Очень быстро, не говоря друг другу ни слова, они прошли по коридору к его каюте. Там в середине пространства лежал ее раскрытый чемодан. Значит, прямо сюда принесла команда, значит, по точному адресу. По-прежнему не говоря ни слова, они стремительно разоблачились и в этом пламенном разоблаченьи разоблачили бешеную страсть. Он руки положил свои на бедра дамы и тут же их отдернул: так много кочевало в этих бедрах открытого л-вью электричества. Она прильнула обнаженной грудью к его соскам и продрожала словно нимфа в контактах этих. Он положил ее в постель и сам склонился над любимым телом. И прошептал в уме из молодого Пастернака:
Как я трогал тебя! Даже губ моих медью
Трогал так, как трагедией трогают зал.
Поцелуй был как лето. Он медлил и медлил,
Лишь потом разражалась гроза.
И она под ним, изгибаясь и раздвигаясь вся шире и шире, забираясь пятками на его торс, повторяла про себя следующую строфу:
Пил, как птицы. Тянул до потери сознанья.
Звезды долго горлом текут в пищевод.
Соловьи же заводят глаза с содроганьем,
Осушая по капле ночной небосвод.
Она лежала, закрыв лицо ладонями, пока не услышала странные звуки.

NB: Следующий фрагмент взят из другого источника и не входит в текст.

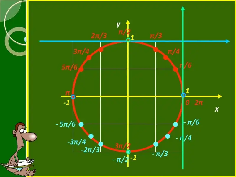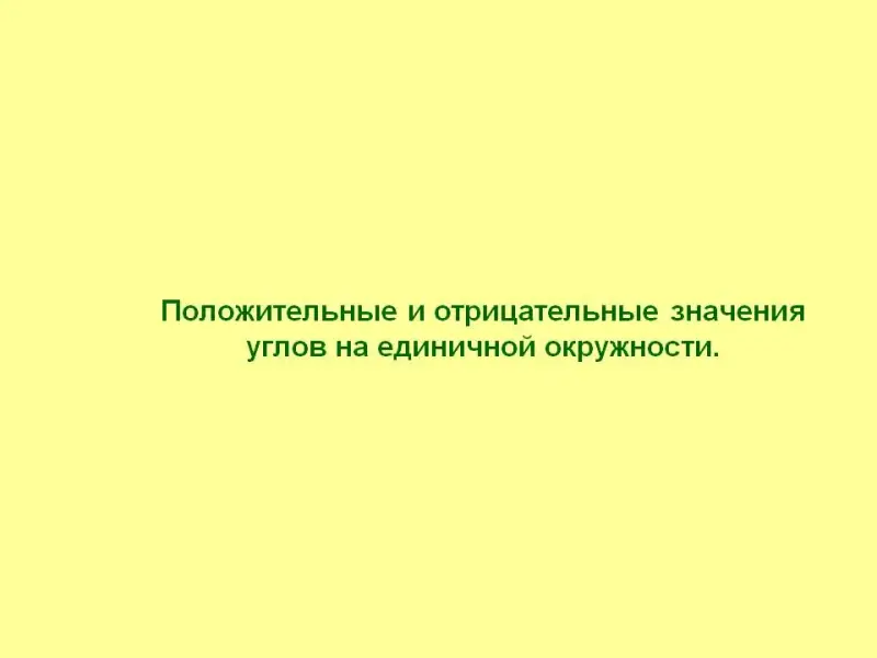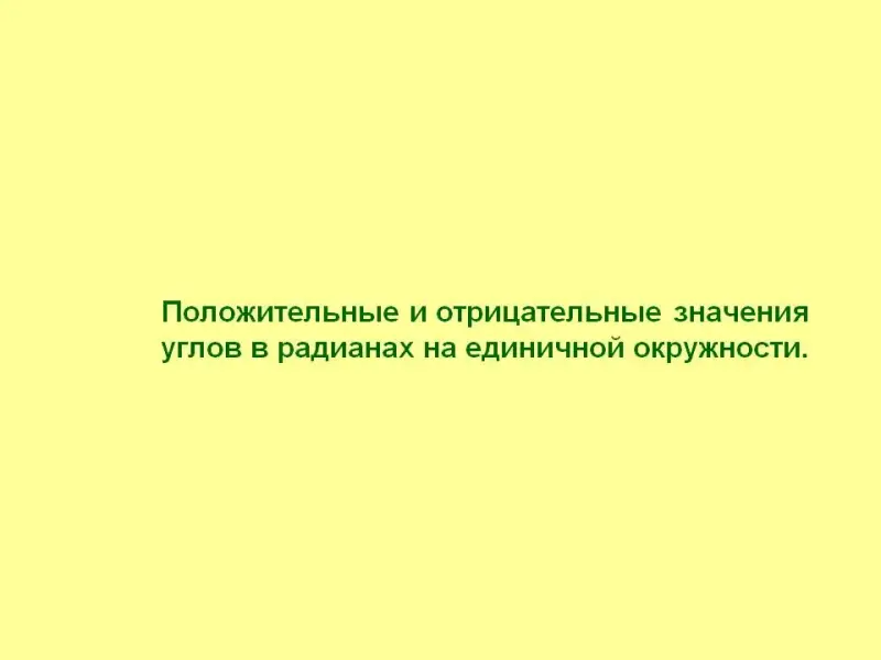 - Положительные и отрицательные значения углов в радианах на единичной окружности.
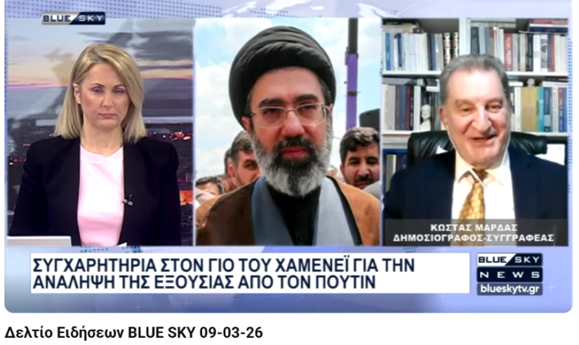 «Έχει μπλέξει ο …Αγιατολάχ Τραμπ», είπε ο Κώστας Μαρδάς , μιλώντας τη Δευτέρα στο δελτίο ειδήσεων του BLUE SKY με την Λία Λάππα.

Сняла ладони с глаз и увидела, что он плачет. Сильный поршень ходит внутри, а снаружи плачет дитя. Мальчик мой любимый, как ты жил без меня, без этой предательской пи-ды? И сама расплакалась, сквозь слезы повторила то, что у них повелось с Коктебеля: «Не щади, не щади!»
Потом они долго шалили в постели, как дети: кувыркались, прокручивались вокруг оси, словно в воде, она забиралась к нему на спину и прыгала, как лягушка. Кого я вам напоминаю, сударь, скажите честно? Она ждала, что он брякнет «проститутку Ралиску», но вместо этого сказал смешное: «Ты прыгаешь на мне, как горячая лягушка!»

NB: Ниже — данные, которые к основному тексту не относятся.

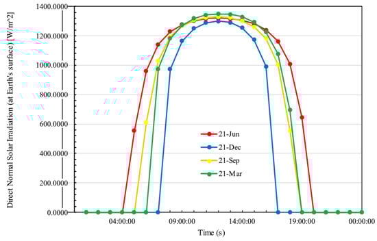 Direct normal solar irradiation throughout the day on 21 March, 21 June, 21 September, and 21 December in Babylon province, Iraq.
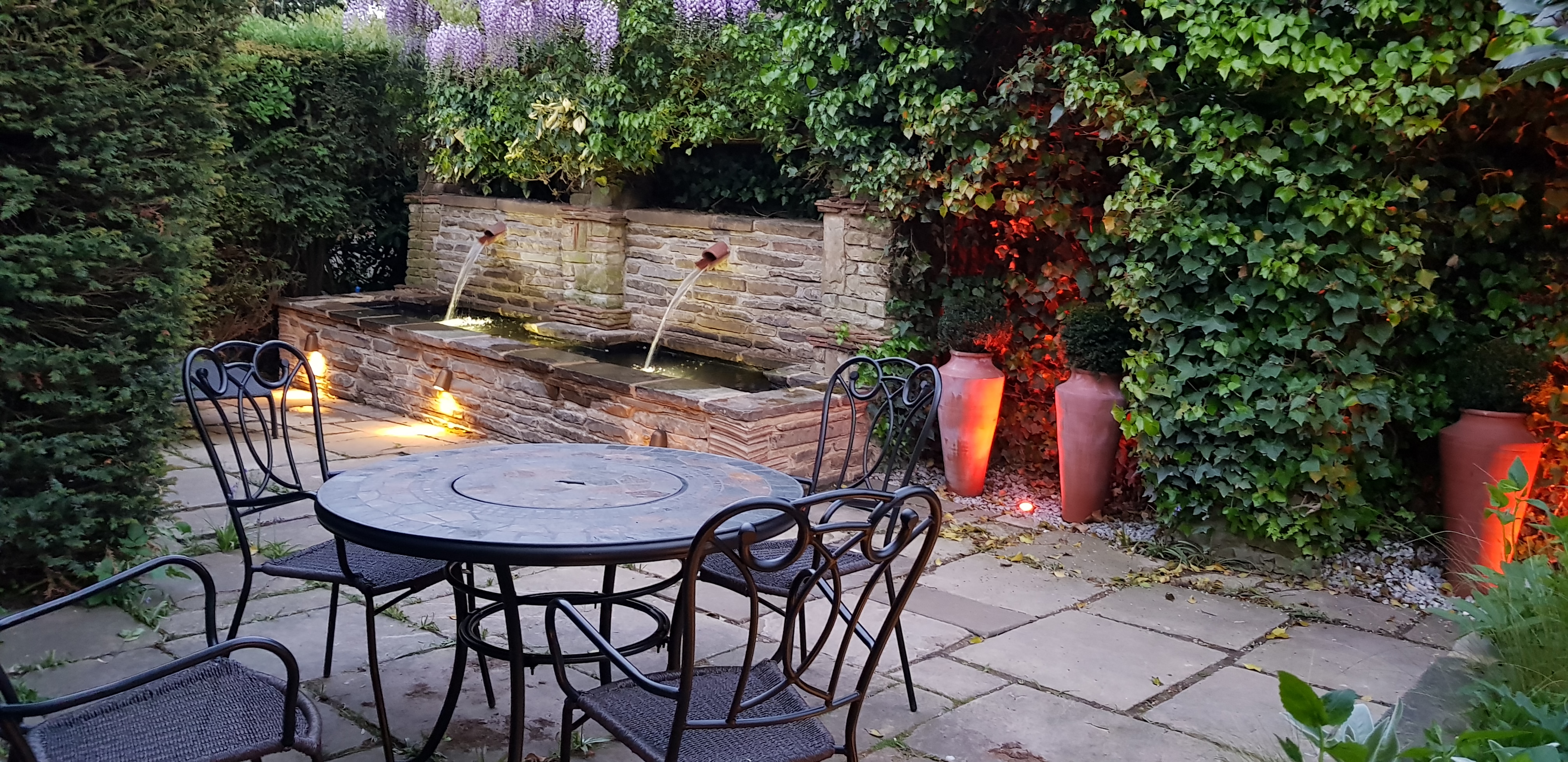 A comprehensive planting scheme ties the entire project together, introducing colour, texture and seasonal interest throughout the space. Carefully selected plants soften edges, frame water features and are positioned to take full advantage of the lighting scheme, ensuring they look attractive both during the day and when illuminated after dark. The planting includes a mix of evergreen structure and seasonal highlights, providing year-round interest whilst creating a sense of maturity and establishment that makes the garden feel complete.

Потом она сказала с любовной серьезностью: «Заходи теперь сзади, я покажу тебе британский изыск». Он содрогнулся от гнева и от похоти. Почему меня тянет к блядям, а из них к самой блядской? Она расположилась поперек кровати в обещанной позиции, а он встал сзади ногами на полу. Теперь вступай! Он вступил. Давай! Он дал. Теперь внимание! Он внял. Теперь, не теряя тебя, я опускаю свои стопы на твои и медленно выпрямляюсь. Держи меня за живот. Продолжай и вникай! Он продолжил и вник. Ты видишь, мы стоим теперь неразлучно, как двойная фигура на первомайской демонстрации. Товарищ Брежнев осеняет нас своей заскорузлой клешней. А вот теперь я поднимаю нас обоих в полет. Крепко держи меня то за бедра, то за живот. То за грудь, но так, чтобы не разрушилась фигура полета. Я начинаю махать крыльями, сиречь любимыми тобой в. к. Мы уходим все выше и все дальше, и пусть они все провалятся к своим чертям. Мы завершаем свой полет в Эмпиреях и там переходим к неистощимой нежности, то есть я переворачиваюсь лицом к тебе, мой кумир.

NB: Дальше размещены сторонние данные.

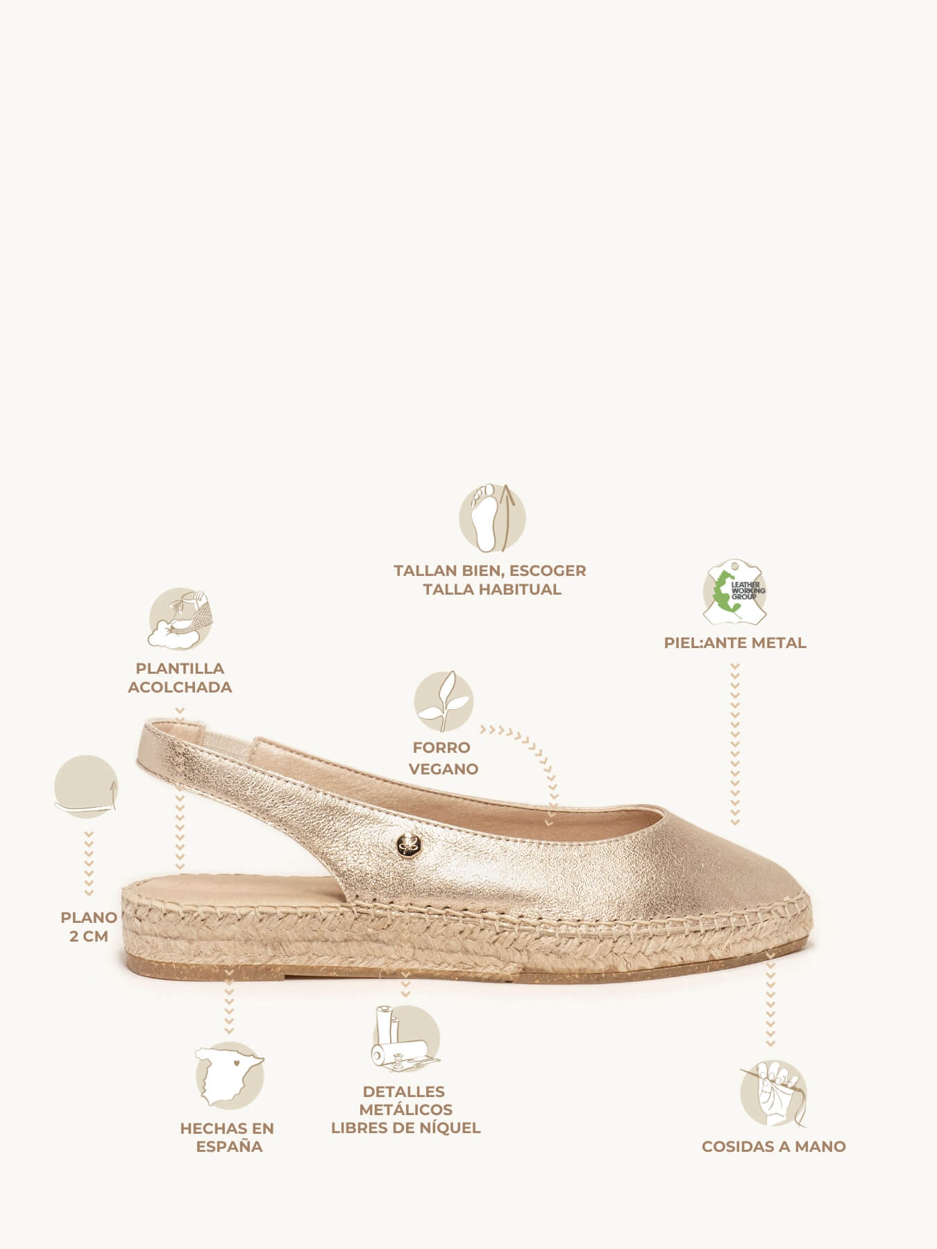 - El Ante Metal de la alpargata Camelia está certificada por el Leather Working Group (una organización que promueve prácticas ambientales sostenibles) El forro y la plantilla son de micro fibra transpirable y anti bacteriana. Suela de trenza de Yute natural con goma reciclada mezclada con fibras naturales. Elementos metálicos libres de níquel. Hilo de cosido a mano de algodón.

Он поносил свою летучую немного в охапке, но вскоре обессилел и расположил ее среди подушек и одеял. Приспел неизбежный вопрос: «Это кто же тебя обучил таким полетам?»
«Никто, – бойко ответила она. – Это я сама придумала, когда грезила тобой».
Было видно, что не врет. Он запускал ей пальцы в пшенично-медовые волны. Она целомудренно их ловила (пальцы) и обсасывала один за другим.
«Почему ты сбежала от меня. Ралик?»
«Не знаю, – задумчиво ответила она. – И тогда не знала, и теперь не знаю. Скорее всего, хотела тебя от себя освободить. Но, может быть, также был и соблазн: Лондон, Блумсбери Плэйс, образ Вирджинии Вулф… Между прочим, я завела там литературные связи. Они там все обалдели, когда советская послиха стала с ними водить знакомство. Если кто-нибудь набирался, обязательно спрашивал: какой у вас чин, мэдам?»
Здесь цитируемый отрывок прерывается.